What you will do
Exactly as they appear, retype the lines from the one containing "Z wpisów, które" through the final line of the data below. Leave pictures out.

── Information given ──

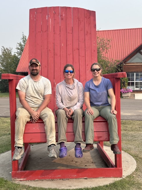 The Hay-Zama Waterfowl Banding Operations crew (left to right): Joe Sands, Amy O’Donnell, and Jennie Froehly kick back in an easy chair after completing banding operations for 2023.
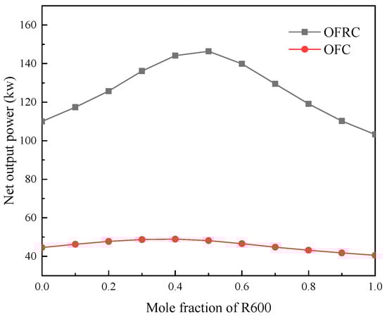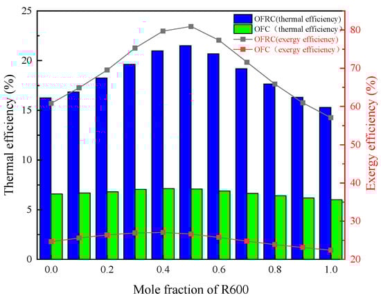 - When the R600 mole composition is between 0 and 1, the maximum net output power, thermal efficiency, and exergy efficiency of the OFRC system are all larger than those of the OFC system. When the R600 mole component is 0.5, the maximum net output power is 146.39 kW, the thermal efficiency is 21.51%, and the exergy efficiency is 80.94% in the OFRC system. By contrast, when the R600 mole component is 0.4, the maximum net output power is 48.91 kW, the thermal efficiency is 7.12%, and the exergy efficiency is 27.05% in the OFC system.
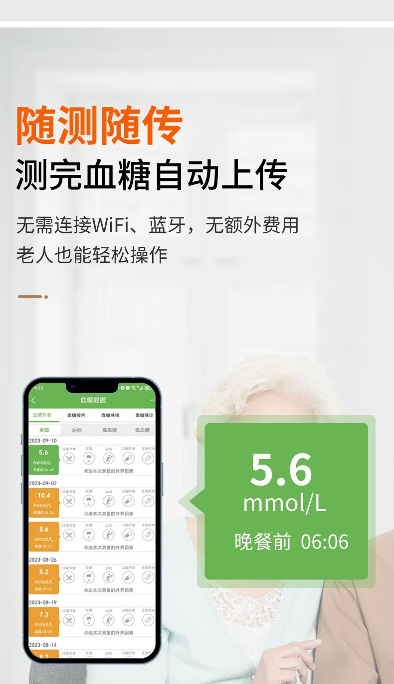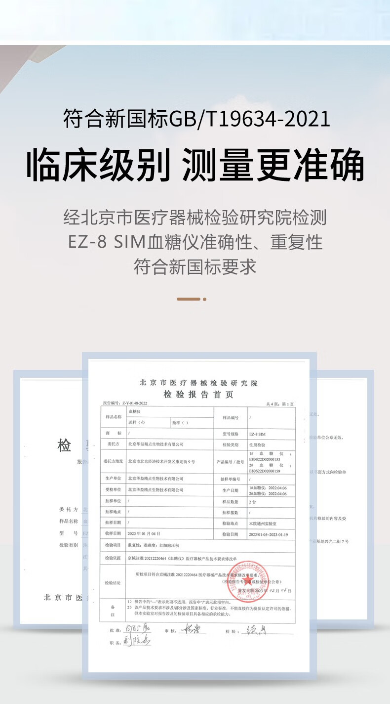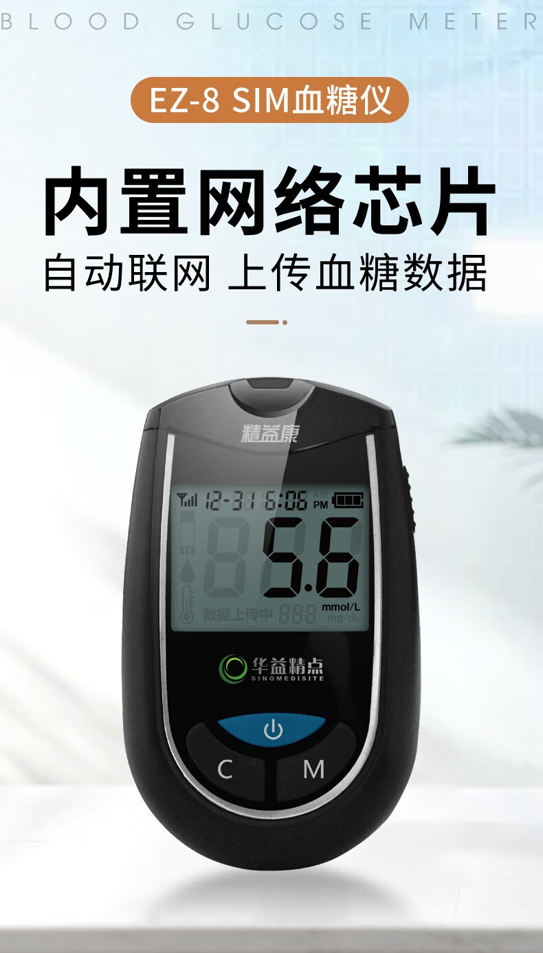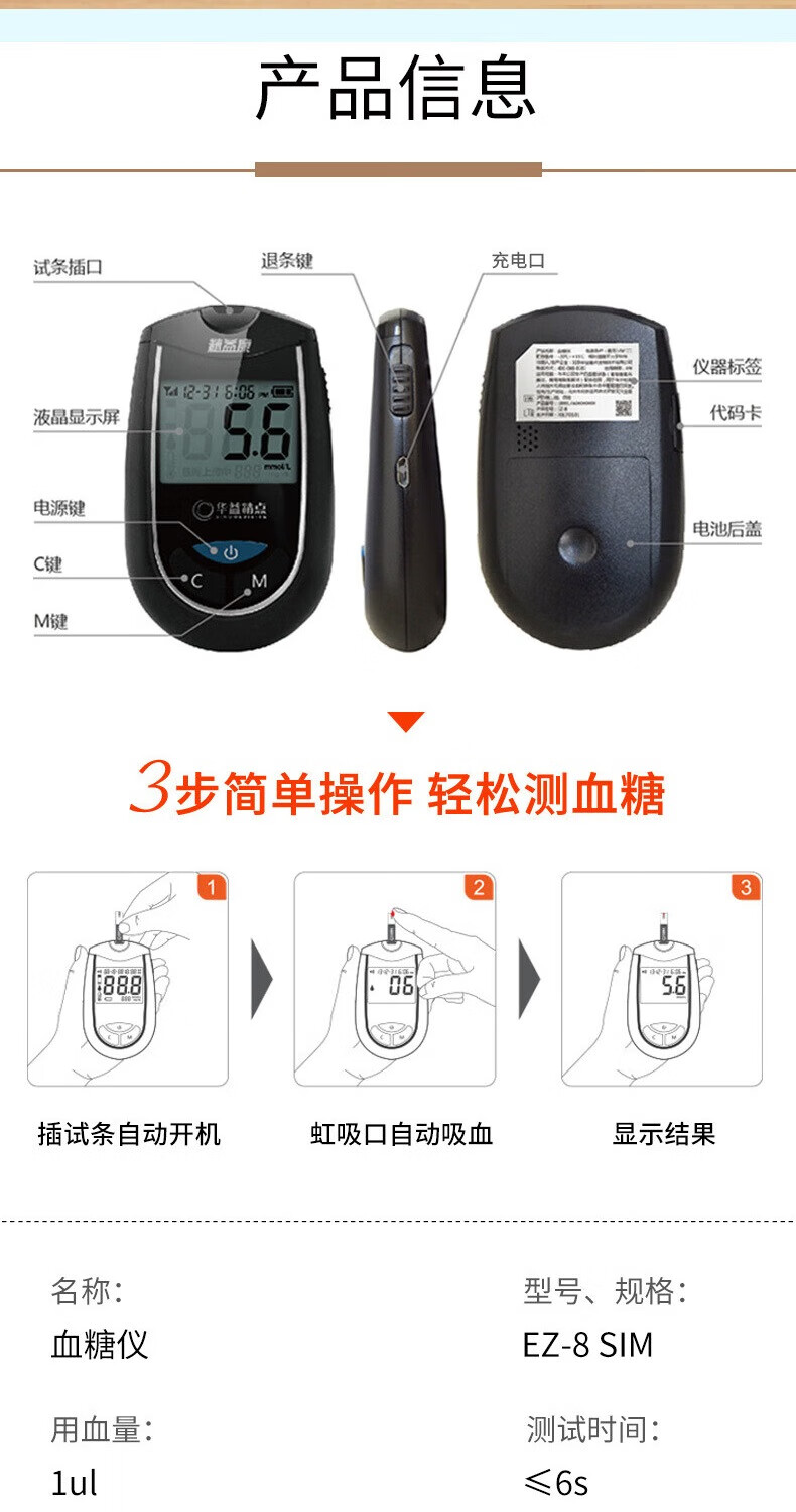 华益精点EZ-8 SIM血糖仪家用医用高精准度糖尿病血糖检测仪免调码测血糖仪 EZ-8 SIM血糖仪+100试条套装
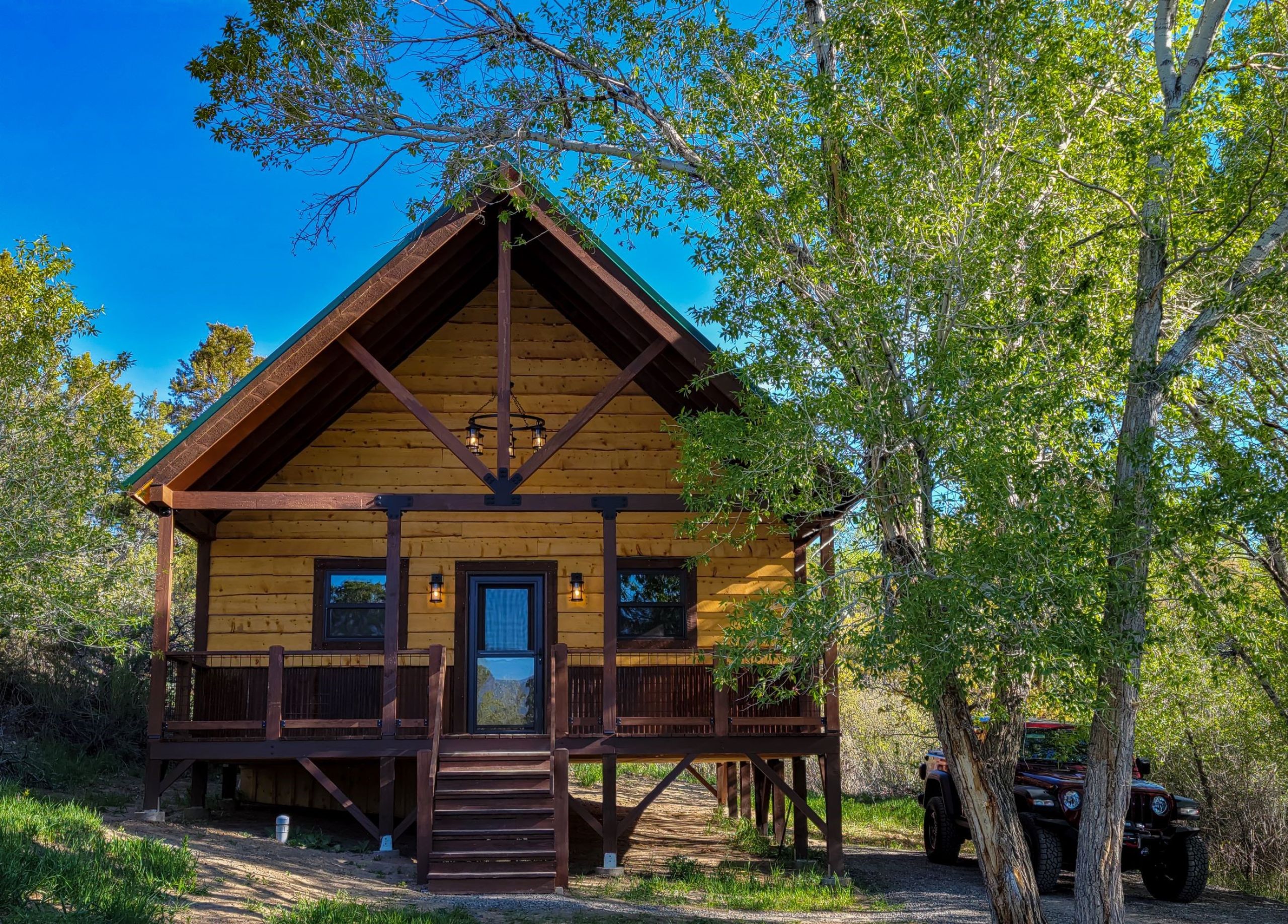 Camp7 is located in Collbran, Colorado and offers several types of accommodations, including a newly built modern two-bedroom cabin and two safari tents.
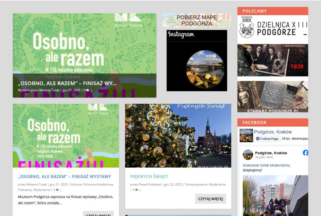 Z wpisów, które pojawiły się na stronie w 2025 roku, podobnie jak w poprzednich latach najchętniej czytany był program kolejnej edycji Podgórskich Dni Otwartych Drzwi. Następnie wpisy dotyczące wydarzeń podczas Świątecznych Targów Rzeczy Wyjątkowych.
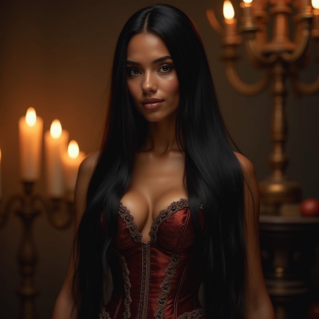 This image features a stunning mixed-race woman in a 17th-century musketeer setting, adorned in an intricately designed corset, with long straight black hair cascading down her back, set against a warm candlelit backdrop with ornate details.

───

Problem solution
 Z wpisów, które pojawiły się na stronie w 2025 roku, podobnie jak w poprzednich latach najchętniej czytany był program kolejnej edycji Podgórskich Dni Otwartych Drzwi. Następnie wpisy dotyczące wydarzeń podczas Świątecznych Targów Rzeczy Wyjątkowych.
 This image features a stunning mixed-race woman in a 17th-century musketeer setting, adorned in an intricately designed corset, with long straight black hair cascading down her back, set against a warm candlelit backdrop with ornate details.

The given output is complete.